NASA postpones Artemis 1 launch due to tropical storm

WASHINGTON — NASA has canceled plans to attempt to launch the Artemis 1 mission on Sept. 27 as a tropical storm with the potential to become a major hurricane heads toward Florida.

NASA announced on Sept. 24 that it would not proceed with the next launch opportunity for the mission, which was Sept. 27 at 11:37 a.m. east. He cited the threat posed by Tropical Storm Ian, currently in the Caribbean Sea. National Hurricane Center forecasts show the storm moving north and then curving northeast to reach south and central Florida by midweek as a major hurricane.

While NASA will not proceed with a launch on Sept. 27, it has postponed a decision to roll the Space Launch System rocket and Orion spacecraft back into the Vehicle Assembly Building (VAB) at the Kennedy Space Center to protect it from the storm while ongoing preparations for overthrow. NASA said in the statement that it will wait until Sept. 25 to make that decision “to allow for the collection and analysis of additional data.”

In a Sept. 23 briefing, NASA officials said they prefer to leave SLS at Launch Complex 39B. Doing so could preserve a final launch opportunity in this October 2 window, while returning the vehicle to VAB could make it difficult to attempt a launch in the next window in the second half of October.

During the briefing, Mike Bolger, director of the Exploration Ground Systems program at NASA, noted that the vehicle is rated to handle wind gusts of up to 74 knots (137 kilometers per hour) on the pad. “At this time, we do not have a forecast that shows winds blowing higher than 74 knots passing through the Kennedy Space Center,” he said.

“We have a certified design with safety factors in these peak gusts,” said John Blevins, SLS chief engineer. “Ultimately we have a pretty robust vehicle and we’ll just have to continue to look at that forecast to see if we’re within our certified parameters.”

Agency officials seem strangely downplayed by the threat posed by the storm, which at press time was still an unnamed tropical depression but is forecast to strengthen significantly in the coming days. “It’s not even a named storm.

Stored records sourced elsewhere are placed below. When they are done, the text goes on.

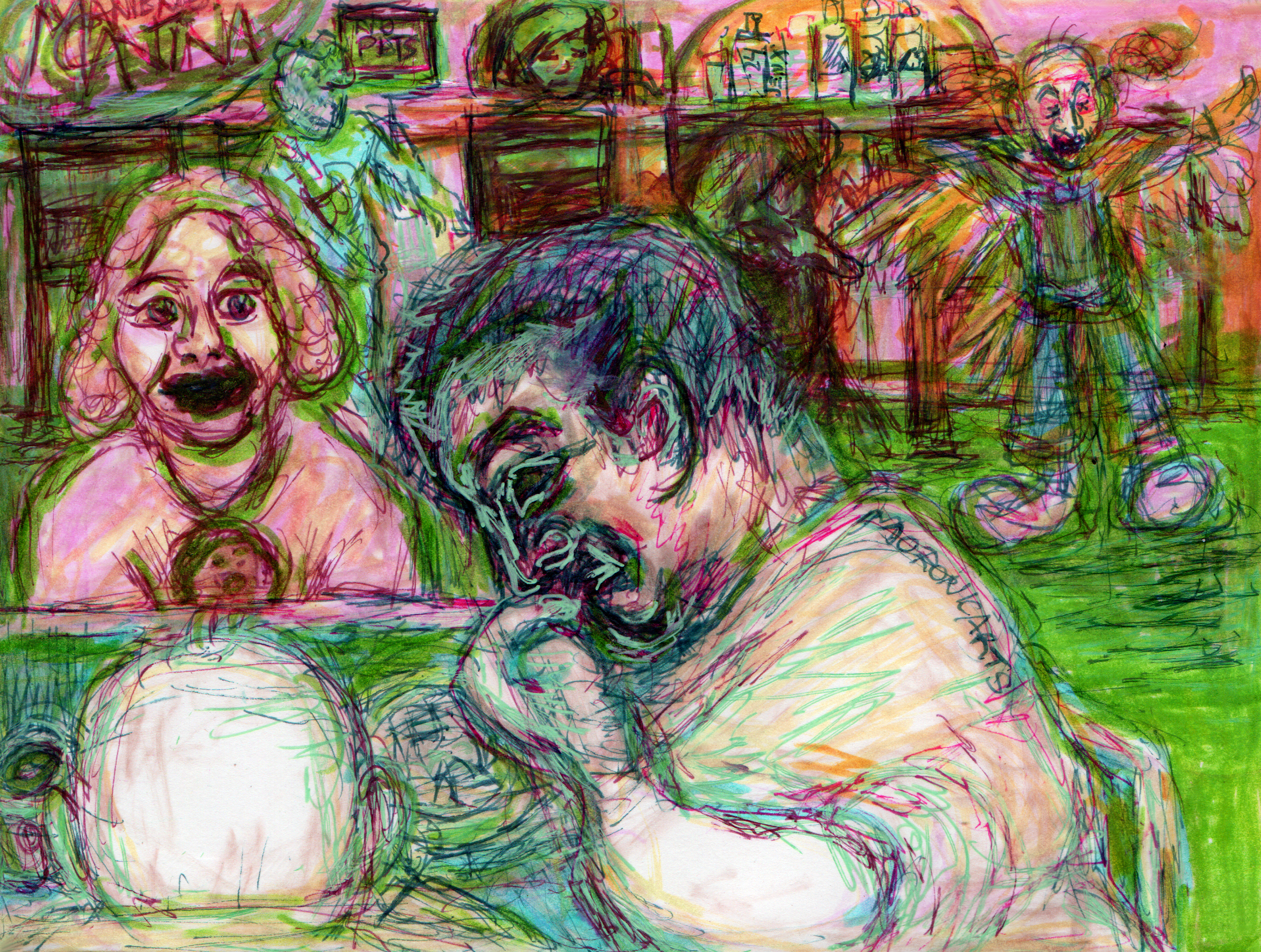 “D’aaah-is it made from real fingers?” Fellow Poopy Groupy Undead Greg Schneissder asks Bernadette as he slithers over to the table.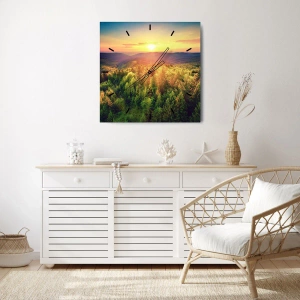 Horloge murale - Pendule murale - Paysage forestier avec coucher de soleil sur les collines - 30x30cm - Monts et sommets - Décoration murale moderne pour le salon et la chambre ARTTOR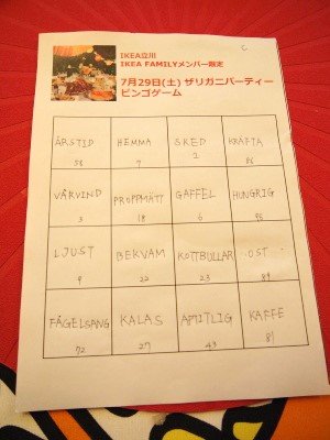 そしてパーティーも中盤になりますと、ビンゴゲームが始まりました。ザリガニパーティーのビンゴはちょっと通常のビンゴと違っていまして、マスが空の用紙が配られて、そこに事前に配布されていたスウェーデン語の単語一覧表を参考に各自が自由に単語を記入したものがビンゴシートになるという方式です。そして上位10名までに賞品が用意されていましたが、筆者一家は誰もビンゴに至らず…でした。どうも難しめの単語を選んだ方がビンゴに至る確率が高かった気がしましたが、結構会場は盛り上がりました。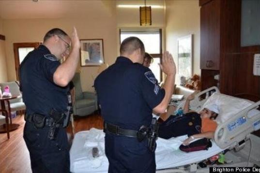 Un chaval con un tumor cerebral incurable se convirtió en el oficial de policía más joven de su ciudad en una ceremonia en un centro de salud de Brighton (Colorado)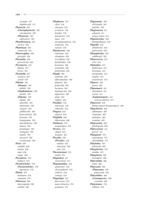 Piezotrachelus 378 Plagiognathus 518 nami 466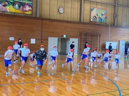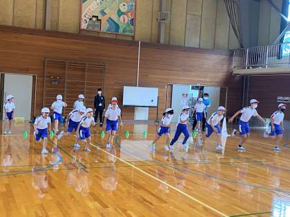 10月13日(水) 体育大会の練習 公開日 2021/10/13 更新日 2021/10/13 碧っ子の姿から 朝の時間に、全員が体育館に集まり、走る運動を行いました。 スタートの練習と、選抜リレーに出場する子は、バトンパスの練習をしました。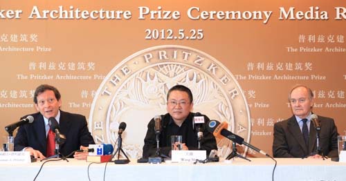 (图片来源:互联网) 普利兹克建筑奖颁奖典礼媒体会现场,王澍回答记者的问题: 要相信我们的建筑在世界潮流中有独立价值,城市化不能以大量传统建筑消失为代价,也不能过度依仗经济力量,传统建筑不能只靠商业和旅游才能存活。我们在杭州做中山路改造,我说如果让我做就不能拆迁,最后我们让它重新焕发街区的气氛。 现在中国城市是建筑堆积的结果,是时候反思什么是城市,城市化是否是唯一出路,进入城市复兴的新阶段。 王澍回答有关中国城市化发展的问题,他认为中国有50%的城市化率已经足够,主要人口仍在乡村,并表示自己的工作重点正在逐渐转移向乡村,他说,这中间有个价值观的问题,大家总认为城市比乡村好。我认为建筑师应当通过自己的工作改变人们意识里的城乡对立。我想,这是可以做到的。 对于如何看待外国建筑师设计了中国重要建筑的问题,王澍说,我认为现在开放的中国可以容纳多重文化线索并存,中国文化也应当更自信,能够容纳其他外来事物同时认清自身价值。并应该注意这不该以牺牲传统文化为代价。我们作为一个社会主义国家应该做社会主义该做的事,防止商业行为侵蚀破坏我们的生活。在以他的杭州街区改造为例后,他说,可能中国城市大的格局比较糟糕,但局部的解决仍有可能。 王澍说,我认为自己是一个生在当下的17世纪的人,我和李渔对于文化的感受有相通之处。李渔对文化和细节的感受,能够去设计渔船上的花窗,画了很多很多草图,等等。 帕伦博勋爵说,我认为北京的选择,他们选择了这些获得过普利兹克奖的大师进行设计。我赞同王澍所说的开放地容纳并且取得平衡。我们现在的建筑正在寻求这种平衡。 普利兹克先生说:“我们认为王澍的建筑和他的哲学理念是合二为一的,我们也非常认可他的理念,所以才把2012年的奖项发给他。” 王澍在回答纽约时报记者提问时说:“建筑师要通过自己的创作帮助人们跨越城市和乡村之间的鸿沟。” 帕伦博勋爵说,我认为北京的选择,他们选择了这些获得过普利兹克奖的大师进行设计。我赞同王澍所说的开放地容纳并且取得平衡。我们现在的建筑正在寻求这种平衡。 王澍说,如果甲方提出强势要求,我肯定不做,我认为规模过大就会失去正确的尺度感,遇到大型项目,我就把大项目消解成尺度小的项目,甲方不同意我就不做。获奖对我生活的改变,我们工作室的工作方式不会变,这就是我的生活,但有一点改变是,我们以前一年做一个项目,现在决定翻一倍,一年做两个项目。 谈到获奖后会不会继续坚持自己“业余”的风格,王澍说:“我就是这样活着的,不会改变。但是因为大家的诚意,我以前每年做一个项目,现在我打算做两个。” 王澍说,我的项目有很多都在跟使用者交流引导,如果实在讨论不通,我们就重做,只有这一个办法,现在的建筑专业制度把建筑师和使用者分裂了。我认为这必须沟通。我在做宁波博物馆项目时,开了一个一万人参加的大会,向人们解释我的设计。 您获奖之后被推上风口浪尖,甚至被称为异类,您怎么看待这种评价?王澍:过去一直被当作异类我都习惯了。我觉得我们的社会异类太少了。应该有更多的异类出现才是正常的。 您一直在批判中国城市化进程中出现的欧美郊区化趋势,应该怎样去挽救?王澍:我们现在的城市并不能成其为城市只是一堆大房子的集合。现在应该是一个契机开始讨论城市复兴,讨论什么才是真正的城市。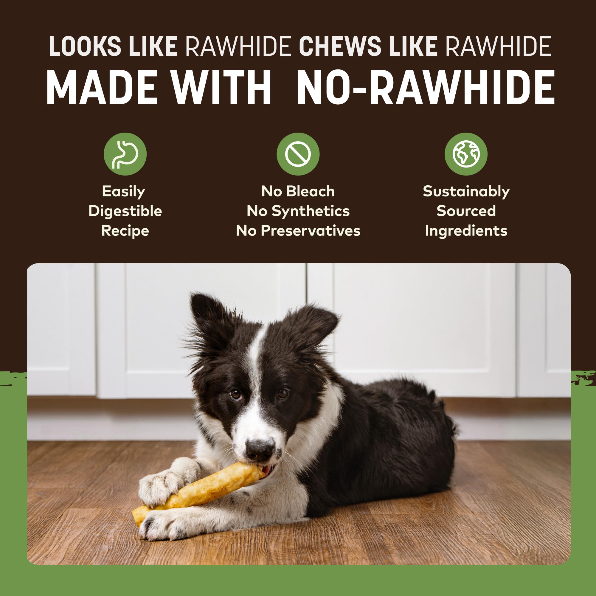 HEALTHY & HAPPY: These yummy alternative rawhides for dogs are free of bleaches, synthetics, & preservatives. Our rawhide free chews are consciously made in the USA with 7 pure ingredients.

It’s tropical depression number nine,” said Tom Whitmeyer, deputy associate administrator for joint exploration systems development at NASA Headquarters. “It’s very early and some of the tracks we’re seeing are going in different directions and going at different speeds.”

“I wish we were better at forecasting the weather five days in advance,” he added, noting that if he could, “I’d almost quit this job to go work for the weather office.”

In a statement after the briefing, NASA appeared to be doing some damage control. “NASA is grateful to its partners at NOAA, the United States Space Force and the National Hurricane Center for providing us with the highest quality products to protect our nation’s flight tests to return us to the Moon,” the agency said.

Tanking test update and FTS exemption

Weather proved to be the biggest constraint on the launch after problems with hydrogen leaks were dealt with and the rocket’s flight termination system was cleared.

In the Sept. 23 briefing, officials said they were satisfied with the tank test two days earlier, where the rocket’s core and upper stages were filled with liquid hydrogen and liquid oxygen. NASA said the test met all of its objectives despite hydrogen leaks that occurred during it.

“Overall, it was a good day. We are very pleased with the results,” said Brad McCain, vice president and general manager of Jacobs Space Operations Group. “We are very optimistic about the next launch attempt.”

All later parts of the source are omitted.